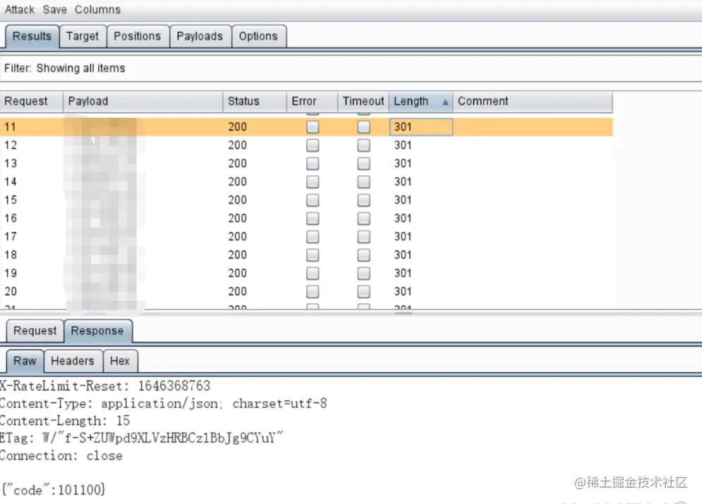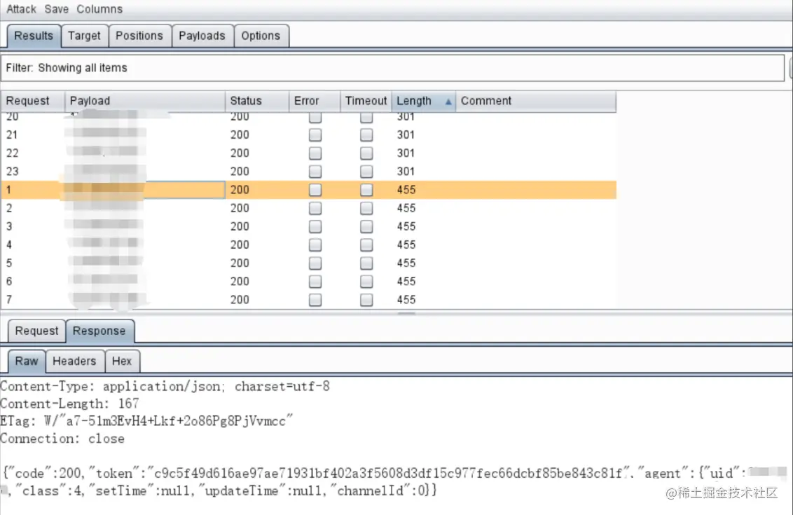 通过上述接口,可以通过用户的uid获取用户的用户名,将所有的用户名作为字典,放入burp爆破弱口令
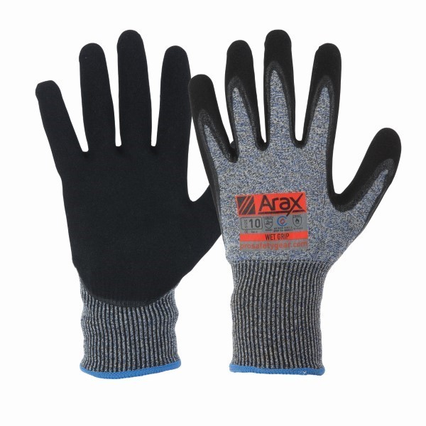Black nitrile sand dip for superior grip in wet or greasy conditions
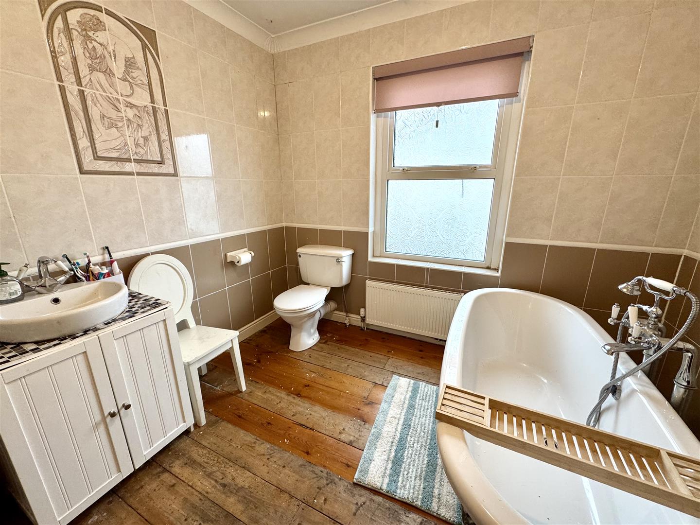 Comprising of a four-piece suite to include wash hand basin inset to vanity storage unit with chrome mixer tap, low-level WC, free standing bath with claw feet and chrome mixer tap with handheld shower attachment, and a single shower unit. Wooden flooring and fully tiled walls. Frosted window to side elevation.
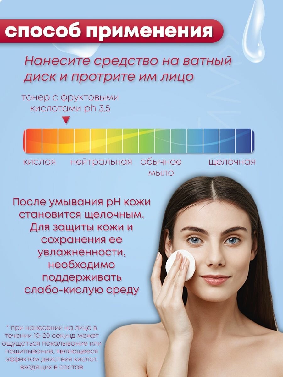 | Способ применения | Смочить ватный диск нужным количеством и аккуратно протереть лицо, избегая зоны вокруг глаз. Перед использованием ОБЯЗАТЕЛЬНО протестировать на запястье за сутки до использования на лице! В дальнейшем можно применять его ежедневно. |
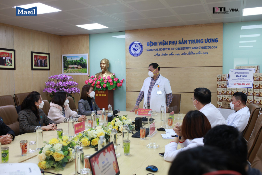 Ông Trần Danh Cường – Giám đốc bệnh viện Phụ Sản Trung Ương chia sẻ khó khăn trong công tác phòng chống dịch Covid -19 đồng thời gửi lời cảm ơn sâu sắc tới đại diện nhãn hàng Maeil.

━━━━━━━━━━━━━━━━━━━━━━━━━━━━━━

**WORK REQUEST**. Please return, exactly as written, the lines from the first line of the records above through the line containing "его ежедневно. |", both included, leaving out any pictures.

**ANSWER**.
 通过上述接口,可以通过用户的uid获取用户的用户名,将所有的用户名作为字典,放入burp爆破弱口令
Black nitrile sand dip for superior grip in wet or greasy conditions
 Comprising of a four-piece suite to include wash hand basin inset to vanity storage unit with chrome mixer tap, low-level WC, free standing bath with claw feet and chrome mixer tap with handheld shower attachment, and a single shower unit. Wooden flooring and fully tiled walls. Frosted window to side elevation.
 | Способ применения | Смочить ватный диск нужным количеством и аккуратно протереть лицо, избегая зоны вокруг глаз. Перед использованием ОБЯЗАТЕЛЬНО протестировать на запястье за сутки до использования на лице! В дальнейшем можно применять его ежедневно. |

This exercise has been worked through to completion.